Enfin, il réussit à se désengager de ce piège acéré mais il est blessé. Une longue estafilade sanglante barre sa cuisse, il ne peut pas marcher. Billy pèse trop lourd, impossible pour moi de le porter.

Je l'emballe dans mon écharpe, l'attache à un tronc d'arbre, lui chuchote que je vais revenir, qu'il doit m'attendre, que ça va aller et je cours chercher de l'aide.

Le premier type que je croise me prend pour une cinglée. Il faut dire que ce doit être à ça que je ressemble : échevelée, trempée, hystérique, hurlant "My coyote is injured, help me, please".

Je regarde partout, il n'y a vraiment personne. Je vois une silhouette plus loin, je cours vers elle aussi vite que je le peux tout en essayant de réfléchir à quoi dire pour ne pas l'effrayer. Je bredouille un truc, je ne sais même plus si je parle français ou anglais.

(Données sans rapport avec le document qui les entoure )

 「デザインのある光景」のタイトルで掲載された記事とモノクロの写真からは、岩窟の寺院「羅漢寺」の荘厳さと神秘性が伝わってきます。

  • Please, don't go ! Je suis désolée, ce que je vais vous dire va vous sembler foolish mais écoutez-moi, my coyote est blessé, il ne peut pas… walk et il est trop heavy pour que je le porte...Can you help me, please ?

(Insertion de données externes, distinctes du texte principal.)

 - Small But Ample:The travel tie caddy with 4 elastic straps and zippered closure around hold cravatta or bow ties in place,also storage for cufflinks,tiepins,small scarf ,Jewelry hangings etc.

L'homme me regarde interloqué et finit par comprendre ce que je balbutie tout en pleurant.

  • Ne vous inquiétez pas, j'ai compris et je vais vous aider. Où est votre animal ?

Tout en courant pour retrouver Billy, il m'explique qu'il parle français parce qu'il a vécu à Paris, il me dit aussi ce qu'il fait mais je ne l'écoute pas, je ne pense qu'à mon coyote.

Avec beaucoup de précautions, il regarde sa patte, détache la laisse et le prend dans ses bras. Billy se laisse faire. Il est courageux, mon sauveteur, d'oser s'approcher aussi près. Il me dit qu'il connaît un vétérinaire et qu'on va l'y emmener. On hèle un taxi, le chauffeur ne se rend même pas compte qu'il trimbale un chacal emballé dans une écharpe.

Le vétérinaire, prévenu de notre arrivée, me rassure. Il n'y a rien de grave, rien de cassé, il faut juste faire quelques points de suture. Billy boitera quelques jours mais il n'y aura pas de séquelles.

Je propose à l'inconnu de me raccompagner, il m'aidera, et je pourrai lui offrir un verre pour le remercier. Il a des obligations professionnelles et ne peut pas rester, il nous dépose à l'hôtel. Je l'invite alors pour la séance de dédicaces à la librairie et lui donne l'adresse.